• **What to work on**: Your copy should start at the line with "どうやって掘るのか…最初は尻" and end at the line with "А как ты думаешь, о" in the data below. Transcribe only those lines, exactly, pictures excluded.

··· Excerpted data

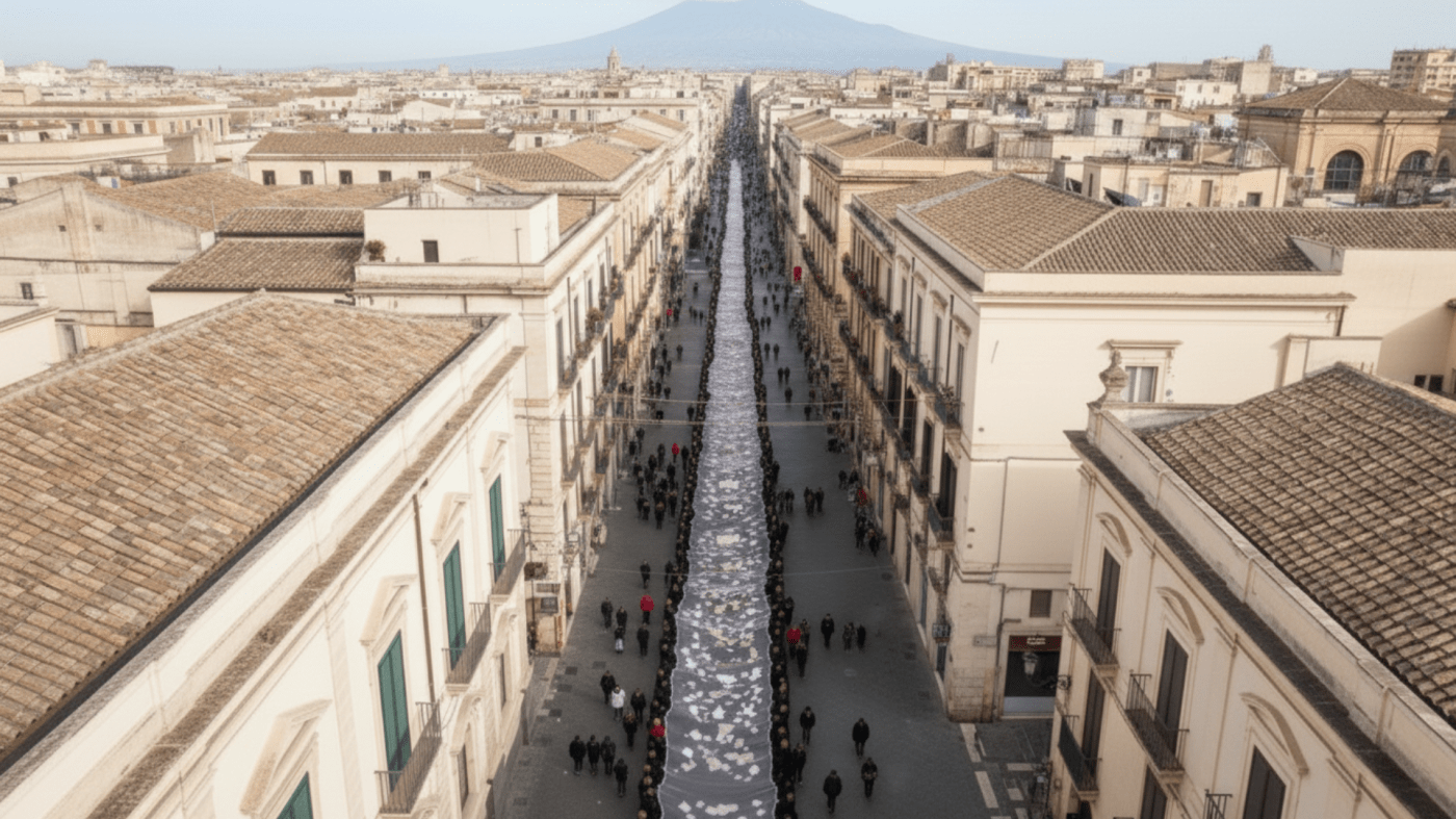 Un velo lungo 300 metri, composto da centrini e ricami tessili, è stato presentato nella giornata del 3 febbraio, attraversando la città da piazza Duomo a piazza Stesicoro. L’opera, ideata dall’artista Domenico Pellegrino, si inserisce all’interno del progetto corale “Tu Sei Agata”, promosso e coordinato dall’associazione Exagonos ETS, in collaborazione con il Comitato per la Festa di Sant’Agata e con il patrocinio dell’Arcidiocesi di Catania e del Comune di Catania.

······
··· Excerpted data

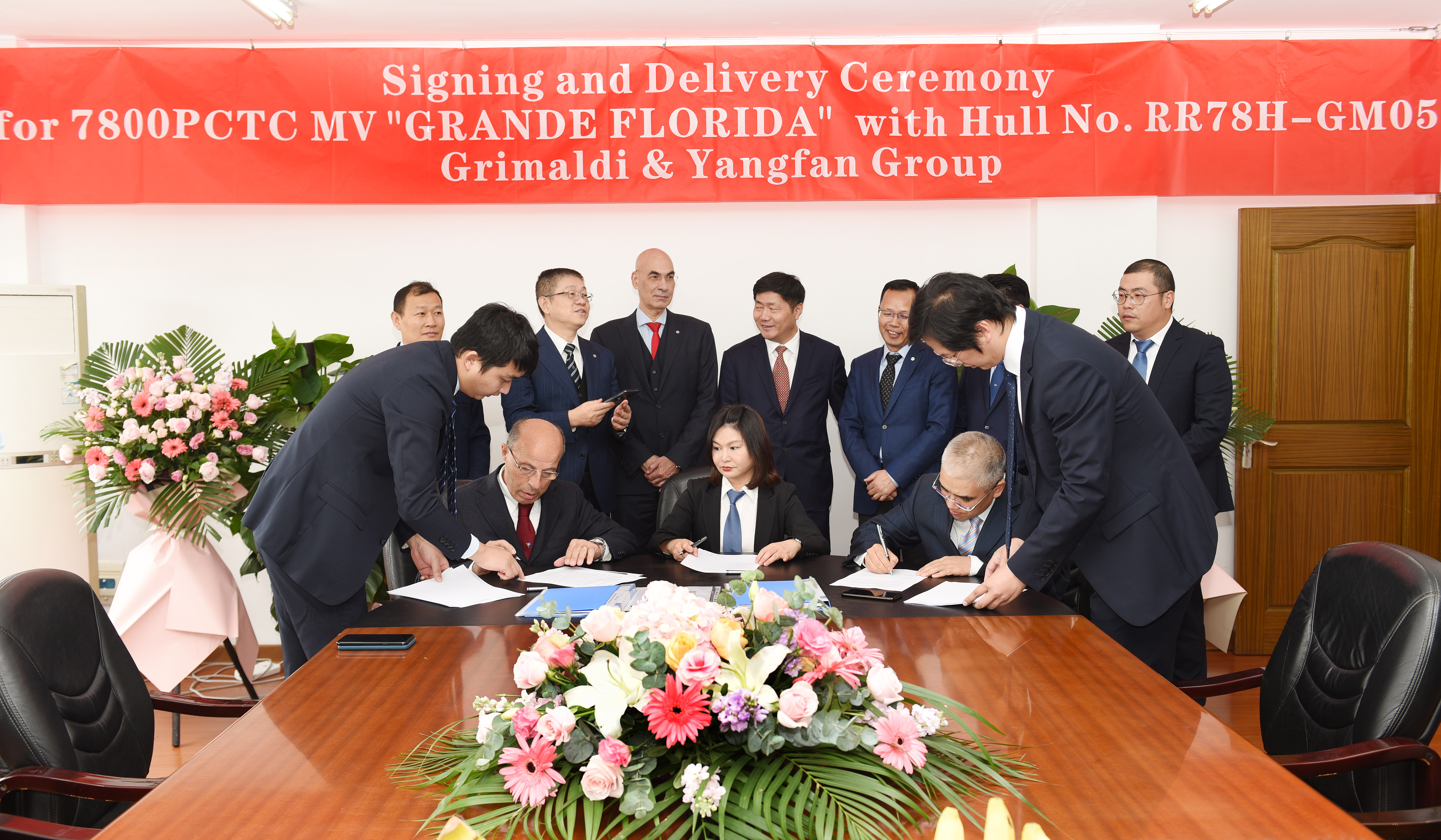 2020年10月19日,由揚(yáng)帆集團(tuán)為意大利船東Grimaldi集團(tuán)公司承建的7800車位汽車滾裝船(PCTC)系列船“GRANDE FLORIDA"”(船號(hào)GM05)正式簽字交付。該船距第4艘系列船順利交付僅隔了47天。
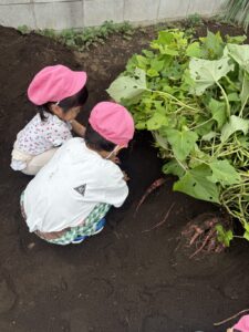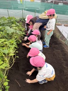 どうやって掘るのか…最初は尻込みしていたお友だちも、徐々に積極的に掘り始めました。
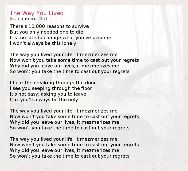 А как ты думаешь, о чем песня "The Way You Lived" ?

······

• **Solution for this exercise**:
 どうやって掘るのか…最初は尻込みしていたお友だちも、徐々に積極的に掘り始めました。
 А как ты думаешь, о чем песня "The Way You Lived" ?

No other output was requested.